Il faut lire d’urgence le rapport “L’état de la pauvreté en France 2017” édité par le Secours Catholique. Le constat est édifiant:  “Cette  évolution traduit une fragilisation relative et progressive de la situation des seniors” et “lereflet d’une paupérisation des personnes âgées” En 2010, 7,6% des personnes accueillies par le Secours Catholique avaient plus de 60 ans, en 2016 ce chiffre monte à 9,6%. Soit une hausse de 14% en 6 ans! Les personnes âgées s’appauvrissent d’année en année et c’est dramatique. A 30 ans, on peut essayer de s’en sortir, trouver un boulot, une formation, changer de vie et ne pas dépendre uniquement de la solidarité. La problématique n’est pas la même à 85 ans, on ne va pas se mettre à fréquenter pôle emploi pour trouver un travail…
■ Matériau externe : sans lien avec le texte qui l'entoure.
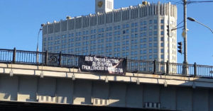А сегодня утром сторонники политика вывесили баннер прямо на Новоарбатском мосту на фоне Белого дома — это реакция на действия полиции. Их мнение хорошо отражает лозунг на баннере: «Дело против Светова — дело против гражданского общества».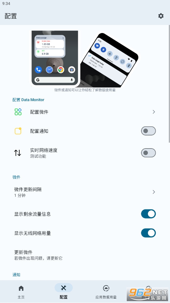 支持传输速度显示器和小工具功能,方便用户快速查询数据使用情况。

Un pays qui ne s’occupe pas dignement de ses aînés est un pays qui se meurt. Certains chiffres concernant la pauvreté des retraités font froid dans le dos :

  • 48 254 personnes de plus de 65 ans  ont été accueillis par le Secours Catholique en 2016 ce qui représente 9,6% du total ( 3% des étrangers accueillis avaient au moins 65 ans).
  • L’indice de fragilité, selon le secours catholique, est passé de 0,17 en 2010 à 0,21 en 2016. C’est le rapport entre la proportion d’une catégorie de personnes observée au Secours Catholique et la proportion de la même catégorie observée dans la population française totale.
  • En un an 14 360 retraités supplémentaires ont bénéficié des Restos du Cœur.
  • Notre pays compte selon les chiffres de l’INSEE, 39 000 retraités pauvres supplémentaires en 1 an.

Dans le troisième rapport du comité de suivi des retraites, on peut lire cette phrase “Néanmoins la divergence d’évolution entre les revenus des actifs et ceux des retraités pourrait faire resurgir un risque de pauvreté ce qui appelle, pour l’avenir, une vigilance particulière”
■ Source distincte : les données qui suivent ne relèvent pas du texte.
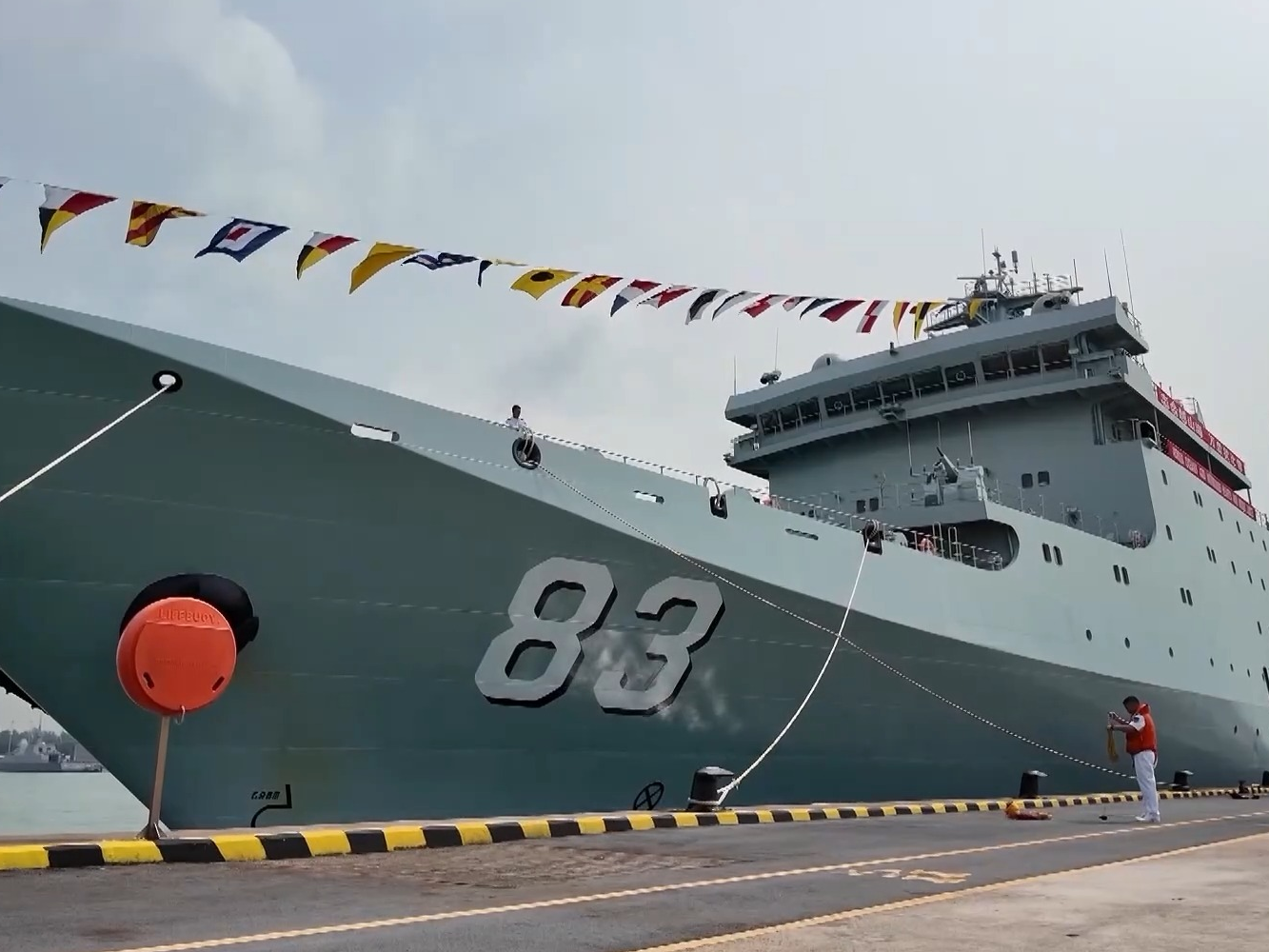 总台记者 刘畅:28日上午10点,中国海军戚继光舰、沂蒙山舰抵达新加坡樟宜港码头,中国驻新加坡大使馆领导及工作人员、中国留学生代表、新加坡海军官兵代表来到码头举行欢迎仪式,迎接编队的到来。

La situation des petits retraités, ou si vous préférez des retraités pauvres ne s’améliore pas, quoi qu’en disent certains. Et ce n’est pas avec la hausse misérable du minimum vieillesse cette année que le sort des retraités en difficulté va s’améliorer.

Un autre point est évoqué dans le rapport 2015 du Secours Catholique, la pauvreté des aînés est beaucoup plus importante dans les zones rurales que dans les villes. Si vous ajoutez à ces difficultés financières, le fait que 21% des personnes âgées à la campagne ressentent un sentiment d’isolement, alors on est en droit de s’interroger sur le sentiment légitime d’abandon que peuvent subir les personnes âgées dans les zones rurales.

Mais de tous ces chiffres, de la situation très difficile que rencontrent certaines personnes âgées, qui s’en soucie vraiment ? Qui se mobilise ? Qui en parle ?Personne ou si peu de monde et c’est honteux !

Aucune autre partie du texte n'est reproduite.